The quadratic formula is a crucial tool for solving equations of the form \( ax^2 + bx + c = 0 \). In this exercise, our equation is quadratic in nature, expressed as \( 2 \sin^2 \theta - \sin \theta - 1 = 0 \). We equate \( \sin \theta \) to \( x \), transforming the equation into \( 2x^2 - x - 1 = 0 \). The quadratic formula is given as: \[ x = \frac{-b \pm \sqrt{b^2 - 4ac}}{2a} \]By substituting \( a = 2 \), \( b = -1 \), and \( c = -1 \), it becomes:

• \( x = \frac{-(-1) \pm \sqrt{(-1)^2 - 4 \cdot 2 \cdot (-1)}}{2 \cdot 2} \)
• \( x = \frac{1 \pm 3}{4} \)

This results in potential solutions of \( x = 1 \) and \( x = -\frac{1}{2} \).
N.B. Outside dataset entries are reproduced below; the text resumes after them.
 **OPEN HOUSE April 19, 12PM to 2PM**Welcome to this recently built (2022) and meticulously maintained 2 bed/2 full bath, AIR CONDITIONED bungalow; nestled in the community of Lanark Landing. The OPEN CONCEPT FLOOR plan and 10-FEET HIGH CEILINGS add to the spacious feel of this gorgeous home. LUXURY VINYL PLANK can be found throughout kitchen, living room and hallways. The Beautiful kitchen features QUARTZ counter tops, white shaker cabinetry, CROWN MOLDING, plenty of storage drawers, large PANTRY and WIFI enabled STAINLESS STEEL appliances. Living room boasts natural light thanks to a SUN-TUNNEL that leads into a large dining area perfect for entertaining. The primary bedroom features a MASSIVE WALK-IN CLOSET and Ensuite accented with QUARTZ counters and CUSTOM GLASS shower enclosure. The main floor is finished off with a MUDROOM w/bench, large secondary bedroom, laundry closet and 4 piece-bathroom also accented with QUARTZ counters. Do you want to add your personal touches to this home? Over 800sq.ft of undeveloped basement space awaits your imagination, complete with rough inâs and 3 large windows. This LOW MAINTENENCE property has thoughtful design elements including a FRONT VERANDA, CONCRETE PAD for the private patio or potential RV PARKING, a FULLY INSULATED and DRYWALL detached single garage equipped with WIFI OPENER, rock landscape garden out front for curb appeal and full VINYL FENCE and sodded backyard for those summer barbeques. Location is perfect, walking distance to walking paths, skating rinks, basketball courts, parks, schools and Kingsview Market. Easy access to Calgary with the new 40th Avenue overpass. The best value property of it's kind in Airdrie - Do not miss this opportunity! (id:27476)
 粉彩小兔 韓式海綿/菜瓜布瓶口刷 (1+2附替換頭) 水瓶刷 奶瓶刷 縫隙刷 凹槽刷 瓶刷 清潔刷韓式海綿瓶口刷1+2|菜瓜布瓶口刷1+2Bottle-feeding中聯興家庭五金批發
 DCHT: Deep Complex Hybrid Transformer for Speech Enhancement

By replacing \( x \) with \( \sin \theta \), we find the corresponding solutions are \( \sin \theta = 1 \) and \( \sin \theta = -\frac{1}{2} \).
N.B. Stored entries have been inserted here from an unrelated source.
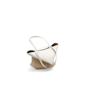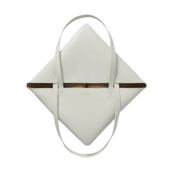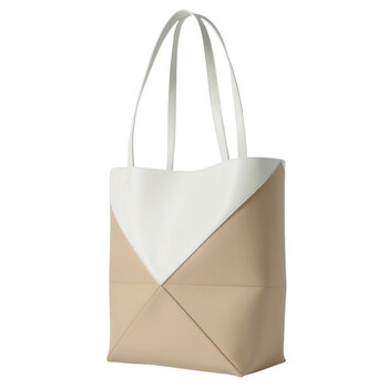Loewe Ladies Tote. SKU: A779G50X18.8487. Barcode: 8445555336686. Color: Soft White/Paper Craft. Size: Height 31.5cm x Width 25.5cm x Depth 14.5cm. Loewe Shiny Calfskin Puzzle Fold Tote - Soft White/Paper Craft. Crafted from shiny nappa calfskin, this tote bag boasts a soft, lightweight design with graphic and architectural panels. It features a main compartment with suede lining, dual top handles, and is finished with an embossed LOEWE logo on the front. Main material : Shiny Calf Leather. Made in Spain.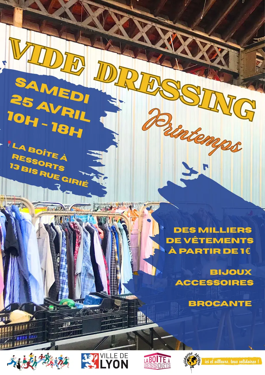 Solidarité Afrique organise son Vide dressing printemps le 25 Avril à la boite à ressorts, 13 bis rue Girie, 69003. Venez découvrir notre journée de sensibilisation à la consommation durable avec un vide dressing de plus de 1000 pièces de seconde main.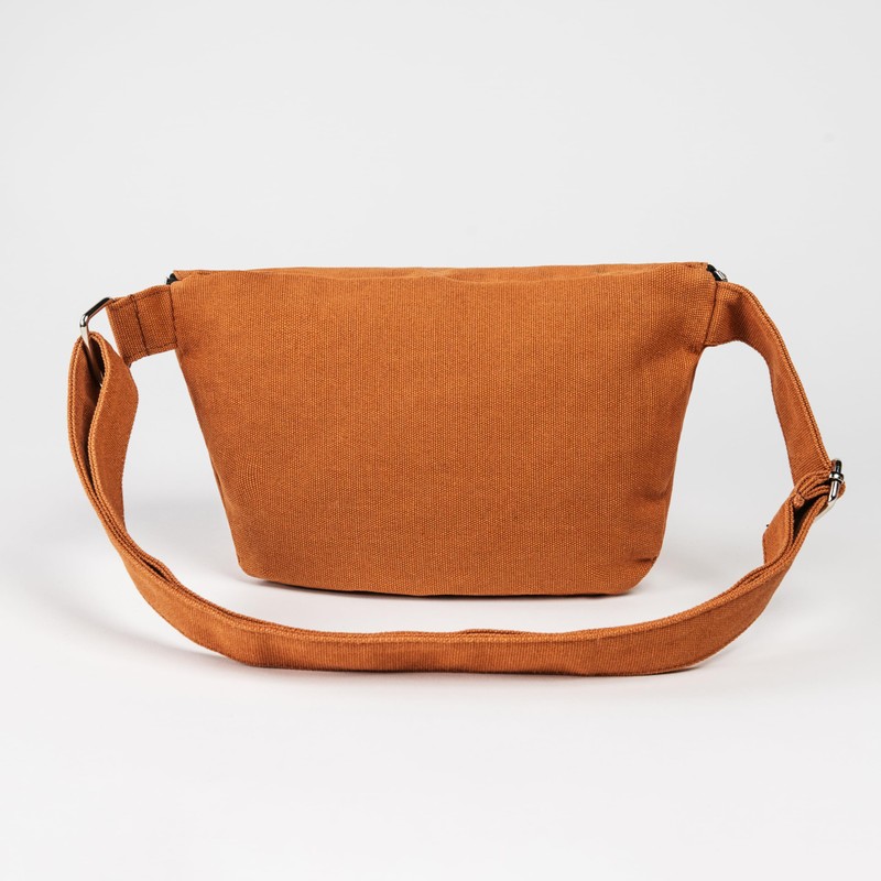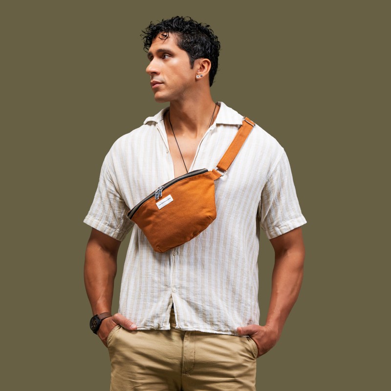 The Peacock Crew Camel Brown Fanny Pack - Cotton Waist Bag for Men & Women – Adjustable Crossbody Sling Belt Bag with Dual Zippers for Left & Right Hand Use – Casual Travel Shoulder Pouch – Nomad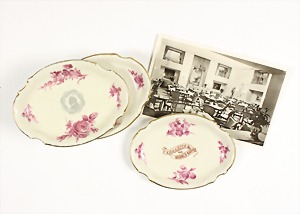 6 Gebäcktellerchen 1950er Jahre aus dem Kaffé "KRANZLER in BERLIN", Postkarte mit Innenansicht aus dem Jahre 1954 (U.S.Zone)

The sine function is one of the primary trigonometric functions and plays a key role in this problem. Defined for an angle \( \theta \), \( \sin \theta \) represents the ratio of the length of the opposite side to the hypotenuse in a right-angled triangle. The range of the sine function is between -1 and 1.
It's periodic with a period of 360 degrees, which means it repeats values every full circle around the unit circle. In the context of this exercise, the sine function helps determine the angles for which the trigonometric equation is satisfied.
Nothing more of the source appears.